====== Information
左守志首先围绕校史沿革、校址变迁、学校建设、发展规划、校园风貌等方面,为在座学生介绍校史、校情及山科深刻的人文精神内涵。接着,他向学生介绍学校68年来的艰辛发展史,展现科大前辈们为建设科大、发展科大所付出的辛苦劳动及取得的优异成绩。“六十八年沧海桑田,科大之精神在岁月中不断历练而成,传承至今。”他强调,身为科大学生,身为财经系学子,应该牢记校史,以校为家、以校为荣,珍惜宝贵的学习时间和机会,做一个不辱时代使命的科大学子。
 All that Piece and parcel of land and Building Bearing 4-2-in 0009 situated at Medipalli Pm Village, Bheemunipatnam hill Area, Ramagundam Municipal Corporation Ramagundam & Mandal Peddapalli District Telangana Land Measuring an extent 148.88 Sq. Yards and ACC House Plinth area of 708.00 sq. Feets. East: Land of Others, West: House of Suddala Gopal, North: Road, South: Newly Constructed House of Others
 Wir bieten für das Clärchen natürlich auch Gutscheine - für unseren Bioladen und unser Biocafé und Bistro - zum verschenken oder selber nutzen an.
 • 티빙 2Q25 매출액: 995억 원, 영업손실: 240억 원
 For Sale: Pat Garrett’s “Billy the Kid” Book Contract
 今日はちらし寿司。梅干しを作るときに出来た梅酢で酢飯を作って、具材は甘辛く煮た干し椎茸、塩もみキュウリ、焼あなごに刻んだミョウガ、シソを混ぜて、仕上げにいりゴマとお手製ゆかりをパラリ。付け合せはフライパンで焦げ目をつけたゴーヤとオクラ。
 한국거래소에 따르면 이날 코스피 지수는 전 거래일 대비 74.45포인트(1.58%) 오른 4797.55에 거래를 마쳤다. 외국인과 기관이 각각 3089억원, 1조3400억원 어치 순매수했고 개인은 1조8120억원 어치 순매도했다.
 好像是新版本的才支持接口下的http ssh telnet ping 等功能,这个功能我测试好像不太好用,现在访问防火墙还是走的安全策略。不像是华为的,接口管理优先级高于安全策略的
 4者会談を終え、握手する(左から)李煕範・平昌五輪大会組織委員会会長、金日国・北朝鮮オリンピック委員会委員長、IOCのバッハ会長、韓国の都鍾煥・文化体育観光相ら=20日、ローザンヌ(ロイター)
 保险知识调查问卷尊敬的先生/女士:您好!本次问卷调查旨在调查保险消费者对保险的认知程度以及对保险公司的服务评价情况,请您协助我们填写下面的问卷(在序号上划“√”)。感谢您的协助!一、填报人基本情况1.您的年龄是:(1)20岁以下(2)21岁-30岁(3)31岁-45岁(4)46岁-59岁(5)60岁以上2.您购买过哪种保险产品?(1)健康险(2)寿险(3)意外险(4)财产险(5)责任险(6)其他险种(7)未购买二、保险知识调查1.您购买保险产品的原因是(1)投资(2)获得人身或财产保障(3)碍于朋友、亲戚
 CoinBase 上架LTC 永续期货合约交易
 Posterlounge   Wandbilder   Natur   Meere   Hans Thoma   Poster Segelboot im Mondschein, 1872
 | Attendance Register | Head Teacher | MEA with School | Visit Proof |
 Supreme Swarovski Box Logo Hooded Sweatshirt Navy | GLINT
============
* Problem details: Could you write out, exactly as they stand, only the lines above that begin at the line with "영업손실: 240억 원" and stop after the line with "한국거래소에 따르면 이날"?

* Response to this task:
 • 티빙 2Q25 매출액: 995억 원, 영업손실: 240억 원
 For Sale: Pat Garrett’s “Billy the Kid” Book Contract
 今日はちらし寿司。梅干しを作るときに出来た梅酢で酢飯を作って、具材は甘辛く煮た干し椎茸、塩もみキュウリ、焼あなごに刻んだミョウガ、シソを混ぜて、仕上げにいりゴマとお手製ゆかりをパラリ。付け合せはフライパンで焦げ目をつけたゴーヤとオクラ。
 한국거래소에 따르면 이날 코스피 지수는 전 거래일 대비 74.45포인트(1.58%) 오른 4797.55에 거래를 마쳤다. 외국인과 기관이 각각 3089억원, 1조3400억원 어치 순매수했고 개인은 1조8120억원 어치 순매도했다.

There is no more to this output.